Both the US crises and elections are usually the processes grabbing the headlines of mass media, social sciences, world’s public opinion, and even art and literature. The fact that this country is the center of the international system of capitalist relations and the main geographical seat of contemporary imperialism makes it an inevitable focus of interest, as seen in the great boom of academic and journalistic writings, along with novels, films, cartoons and television series. The truth is that, in one way or another, everything happening in the US affects elsewhere, almost all latitudes. Above all, when a crisis occurs in its economy, which is often intertwined with those seen at present in politics, ideology, and culture. Or when general elections take place, which include state, legislative and presidential elections. And all these is happening now.

In the case of the crises, in terms of expertise, as it may be familiar to readers, the economic crisis is described as a structural, systemic and cyclical crisis. Let’s put it simpler, it is a shock that affects, beyond production and the market, the bases of the social totality, shakes its foundations and is repeated with certain periodicity. The others shake traditional thought, parties, daily life, provoke distrust towards the government, feelings of uncertainty and disbelief regarding leadership and political agendas, imply questioning and even denial of the founding values and myths of the nation.

Crises tend to be, generally, predictable and occurs cyclically. Their periodicity is variable, and they are the result of the intrinsic dynamism of the capitalist system, within the framework of which a recurring interaction occurs between domestic and international situations, with greater or lesser permanence. They can be predicted to a certain extent and controlled through the implementation of certain public policies, within specific historical contexts. Its objective nature sets a standard in its development, through a sequence that includes depression and recovery.

The elections are subject, however, to the regularity established by legality for the functioning of the political system and go through a series of stages according to the invariable scheme of bipartisan competition, from the formal beginning of the campaign with the primary elections, in which the pre-candidates of both parties, the Democrat and the Republican, are visualized, until the national conventions of these, where the candidates who will then compete in the final elections are defined. The electoral results are conditioned by the confluence of different factors, of an objective and subjective nature, among which the crises — including the alternatives offered by the people who aspire to the presidency — are decisive. Above all, when the coincidence of both processes is recorded. And this coexistence of elections and crises has been frequent.

With an essentially economic dynamic, crises are multidimensional phenomena that impact the social fabric as a whole, even when this does not manifest with immediacy or with visible effects in the short and medium term. Sometimes, its scope is shown in a delayed manner, being appreciated in subsequent years or even decades, in areas such as those mentioned, concerning civic and political culture; that is, to the concerns, priorities, preferences, convictions, of citizens.

Thus, the electoral balance is encouraged to lean in one direction or another, favoring a certain candidate or expressing itself in abstentionism, which discourages the exercise of the right to vote.
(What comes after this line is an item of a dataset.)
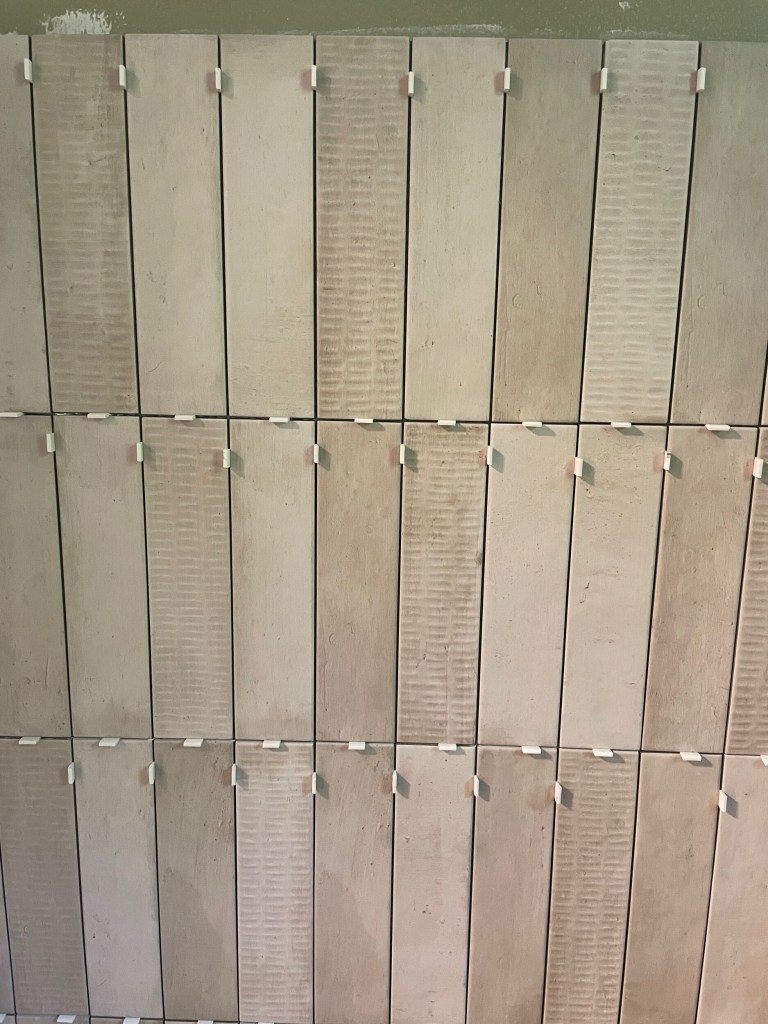 The tile is beautiful and has a handmade feel with color variation. A textured deco tile is mixed within to create visual interest. My clients also chose a grout color to match the tile to create a subtle look that feels understated.

From this perspective, previous situations in the history of the United States could be recalled that illustrate, in this century, what had just been stated: the Republican and conservative governments of George W. Bush and Donald Trump. The first case, somewhat distant, that of a double mandate, between January 2001 and January 2008. The second, much closer, of a single period, started in 2016 and ended in 2020.

In both examples, under the conditioning of different critical environments, it was clear that the crises caused multiplier effects that went beyond the economic dimension, with sociopolitical implications, and were directly intertwined with the presidential campaigns and their final results. In the two electoral situations, discontent and rejection towards their governments were highlighted, especially in their last periods, since the population identified the evils of the moment with their performances and placed expectations of change in the promises of the Democratic partisan opposition. Along with the effects of crises in the socioeconomic field (such as those related to unemployment, decrease in income, inflation, increase in the cost of public services), other factors, such as the financial resources and image of leadership or charisma of the opponents and the effectiveness of propaganda, would influence the electoral processes of 2008, 2016 and 2020.
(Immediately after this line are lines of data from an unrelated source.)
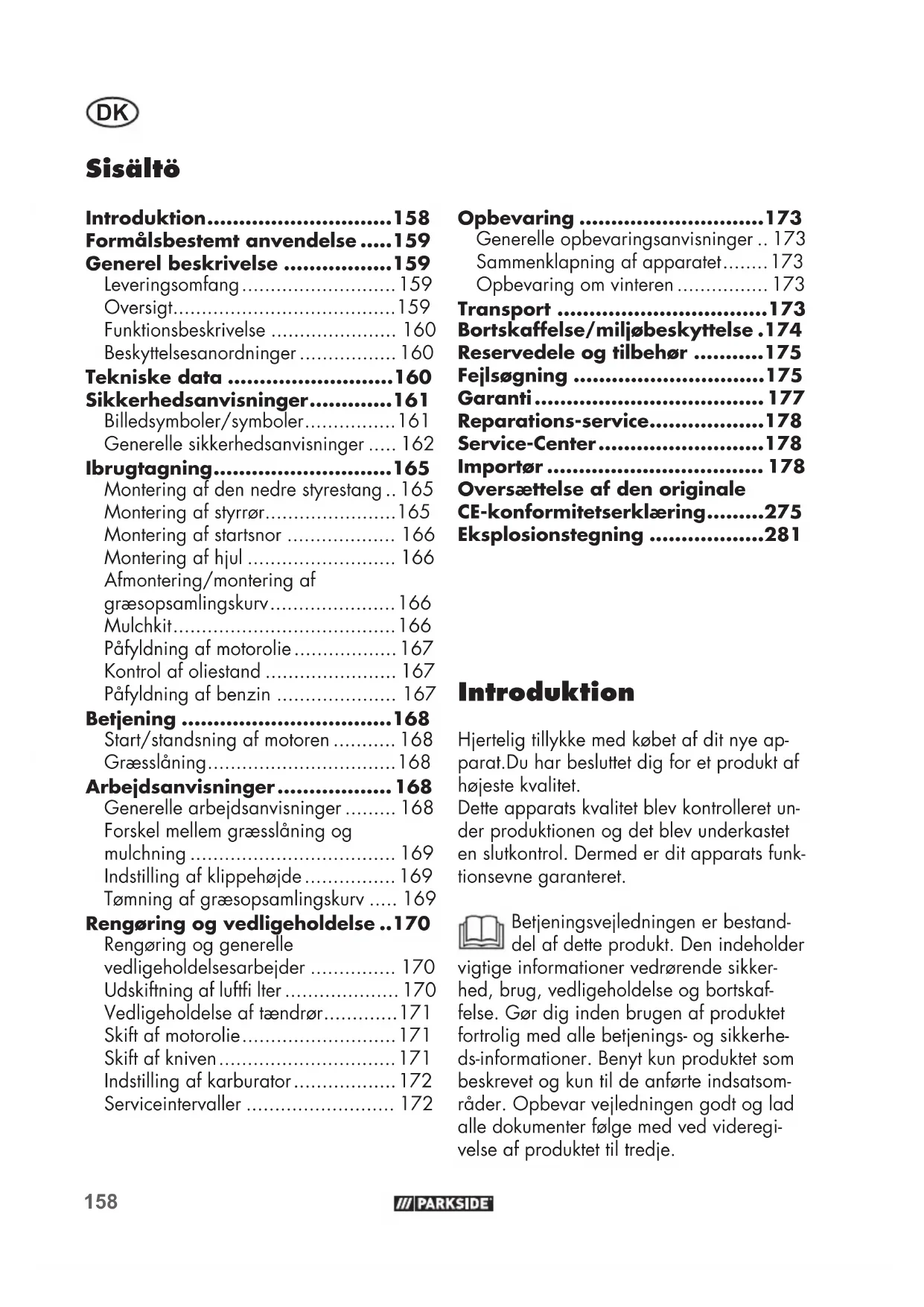 - Eksplosionstegning Introduktion Hjertelig tillykke med købet af dit nye ap- parat.Du har besluttet dig for et produkt af højeste kvalitet. Dette apparats kvalitet blev kontrolleret un- der produktionen og det blev underkastet en slutkontrol. Dermed er dit apparats funk- tionsevne garanteret. Betjeningsvejledningen er bestand- del af dette produkt. Den indeholder vigtige informationer vedrørende sikker- hed, brug, vedligeholdelse og bortskaf- felse. Gør dig inden brugen af produktet fortrolig med alle betjenings- og sikkerhe- ds-informationer. Benyt kun produktet som beskrevet og kun til de anførte indsatsom- råder. Opbevar vejledningen godt og lad alle dokumenter følge med ved videregi- velse af produktet til tredje.159 p. 281
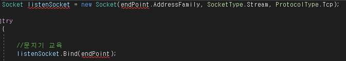 IPEndPoint endPoint = new IPEndPoint(ipAddr, 7777); //7777은 포트 번호 , IP 주소와 포트 번호를 할당한다.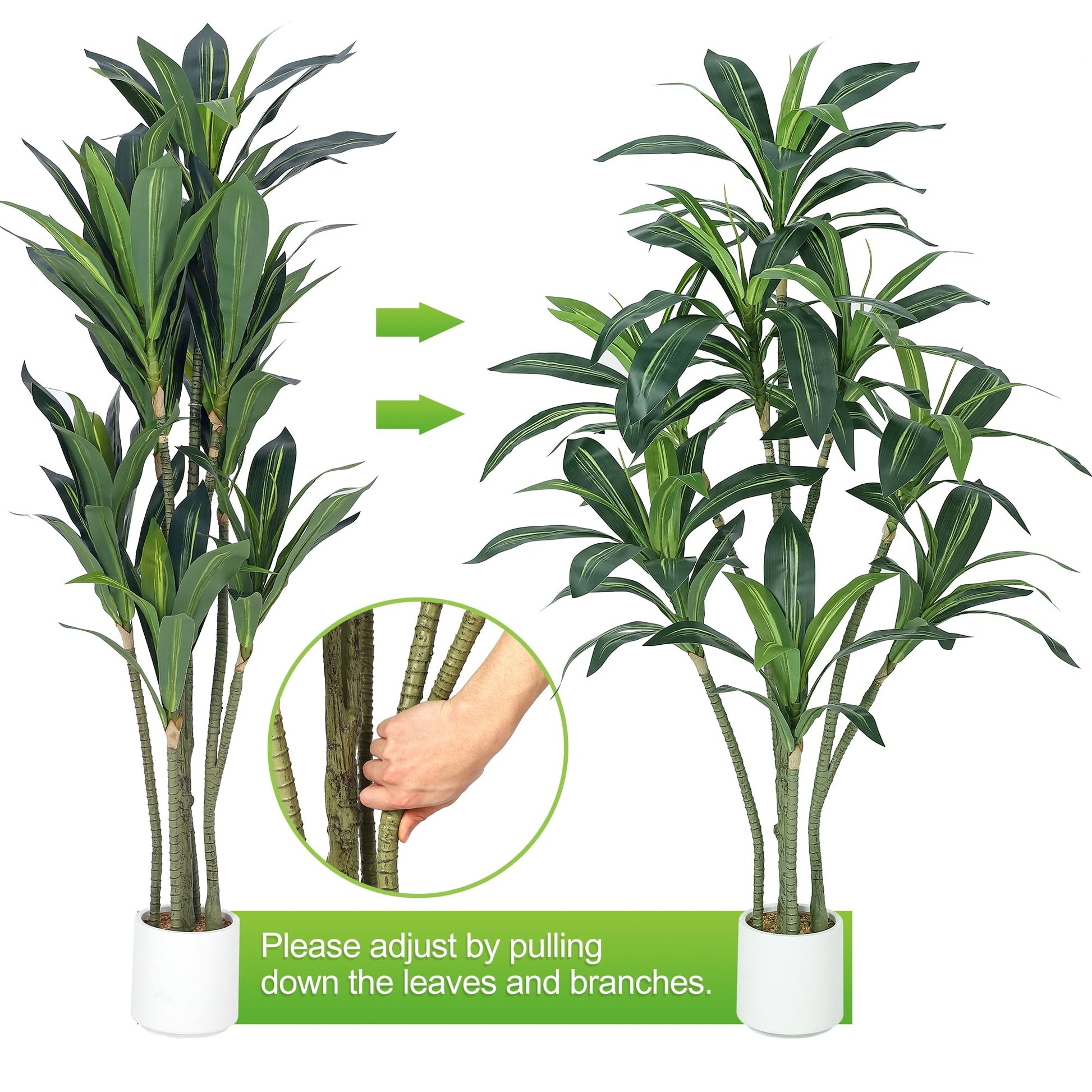 - PREMIUM AND ADJUSTABLE - To prevent the fake plants for losing their natural color, the trunk and leaves of this artificial dracaena tree are used premium material to achieve the best decorative effect. Lifelike leaves are free detachable and outfitted with sturdy inner metal wires, easy to adjust to the shape you like. Simply wipe clean with a damp cloth

And, in the descriptions and predictions derived from both the constant surveys specialized in monitoring public opinion and the analysis offered by the press, political and academic institutions, the vision of the crisis and the elections in the United States is powered with references to factors such as those mentioned. The image is built by resorting to numerous data, whose statistical and anecdotal abundance makes possible detailed monitoring that is very useful for calibrating findings and forecasts.

However, it often happens that excessive attention to specific figures and events leads to interpretations based on linear logic, which reduce analytical scrutiny to a mechanical summation or episodic serialization of data that ends up being overwhelming, with relative value. This approach often produces circular reasoning and cognitive reductions, which oscillate between the characterization of the macroeconomy, the biographies of the candidates and the ups and downs of their popularity ratings, the course of the primaries and the campaign as a whole.

Although they are essential links in the analytical chain that leads to rigorous scientific knowledge of North American politics, such reasoning and facts, although they constitute necessary steps, are not sufficient to understand the real, broader, deeper and more complex process. If they are not inserted creatively into a global interpretative framework, which interrelates history and the present, the isolated facts and the structures that condition them and in which they are projected, a biased, decontextualized vision can be fostered and, unintentionally, even deceptive.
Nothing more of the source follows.